── Data extract

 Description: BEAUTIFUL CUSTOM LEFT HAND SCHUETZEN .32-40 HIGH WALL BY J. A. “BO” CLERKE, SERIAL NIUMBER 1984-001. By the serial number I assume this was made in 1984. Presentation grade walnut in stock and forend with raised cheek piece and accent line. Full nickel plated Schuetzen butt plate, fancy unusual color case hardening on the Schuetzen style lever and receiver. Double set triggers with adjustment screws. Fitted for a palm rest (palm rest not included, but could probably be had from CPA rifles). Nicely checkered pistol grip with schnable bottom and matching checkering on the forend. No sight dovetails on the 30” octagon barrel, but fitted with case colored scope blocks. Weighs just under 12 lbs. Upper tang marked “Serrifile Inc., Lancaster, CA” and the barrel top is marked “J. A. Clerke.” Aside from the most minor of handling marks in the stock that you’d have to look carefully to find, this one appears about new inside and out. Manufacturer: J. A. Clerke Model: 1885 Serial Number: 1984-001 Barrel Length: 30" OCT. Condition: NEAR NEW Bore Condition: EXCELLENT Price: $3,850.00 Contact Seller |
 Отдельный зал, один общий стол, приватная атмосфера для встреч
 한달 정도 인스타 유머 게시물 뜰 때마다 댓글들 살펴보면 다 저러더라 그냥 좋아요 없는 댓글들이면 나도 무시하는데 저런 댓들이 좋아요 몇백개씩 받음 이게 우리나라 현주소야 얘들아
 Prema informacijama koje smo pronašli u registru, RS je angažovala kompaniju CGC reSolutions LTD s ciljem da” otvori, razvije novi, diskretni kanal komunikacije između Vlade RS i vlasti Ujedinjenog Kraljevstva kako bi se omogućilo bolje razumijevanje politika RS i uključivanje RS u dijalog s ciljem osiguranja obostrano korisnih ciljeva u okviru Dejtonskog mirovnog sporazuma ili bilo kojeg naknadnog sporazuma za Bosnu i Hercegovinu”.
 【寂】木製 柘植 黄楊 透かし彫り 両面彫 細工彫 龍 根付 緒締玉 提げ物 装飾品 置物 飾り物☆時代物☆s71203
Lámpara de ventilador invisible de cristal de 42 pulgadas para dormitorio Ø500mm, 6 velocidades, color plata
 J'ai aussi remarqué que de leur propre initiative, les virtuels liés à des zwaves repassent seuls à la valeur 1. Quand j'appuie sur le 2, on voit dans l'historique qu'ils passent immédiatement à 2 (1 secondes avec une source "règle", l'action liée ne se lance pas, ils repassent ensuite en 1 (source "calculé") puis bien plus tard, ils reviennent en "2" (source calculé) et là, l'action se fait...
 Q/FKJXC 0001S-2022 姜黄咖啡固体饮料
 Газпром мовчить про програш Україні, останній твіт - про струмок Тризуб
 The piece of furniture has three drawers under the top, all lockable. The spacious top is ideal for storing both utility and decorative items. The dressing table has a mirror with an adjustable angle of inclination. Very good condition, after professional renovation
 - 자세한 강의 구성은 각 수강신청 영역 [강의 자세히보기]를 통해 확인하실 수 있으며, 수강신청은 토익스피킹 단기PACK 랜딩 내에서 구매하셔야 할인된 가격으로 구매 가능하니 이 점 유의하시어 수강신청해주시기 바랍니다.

────

Task requirements
Could you restate word for word the lines above, from the one that contains "Отдельный зал, один" through the one that contains "Lámpara de ventilador", and no others?

Answer to the problem
 Отдельный зал, один общий стол, приватная атмосфера для встреч
 한달 정도 인스타 유머 게시물 뜰 때마다 댓글들 살펴보면 다 저러더라 그냥 좋아요 없는 댓글들이면 나도 무시하는데 저런 댓들이 좋아요 몇백개씩 받음 이게 우리나라 현주소야 얘들아
 Prema informacijama koje smo pronašli u registru, RS je angažovala kompaniju CGC reSolutions LTD s ciljem da” otvori, razvije novi, diskretni kanal komunikacije između Vlade RS i vlasti Ujedinjenog Kraljevstva kako bi se omogućilo bolje razumijevanje politika RS i uključivanje RS u dijalog s ciljem osiguranja obostrano korisnih ciljeva u okviru Dejtonskog mirovnog sporazuma ili bilo kojeg naknadnog sporazuma za Bosnu i Hercegovinu”.
 【寂】木製 柘植 黄楊 透かし彫り 両面彫 細工彫 龍 根付 緒締玉 提げ物 装飾品 置物 飾り物☆時代物☆s71203
Lámpara de ventilador invisible de cristal de 42 pulgadas para dormitorio Ø500mm, 6 velocidades, color plata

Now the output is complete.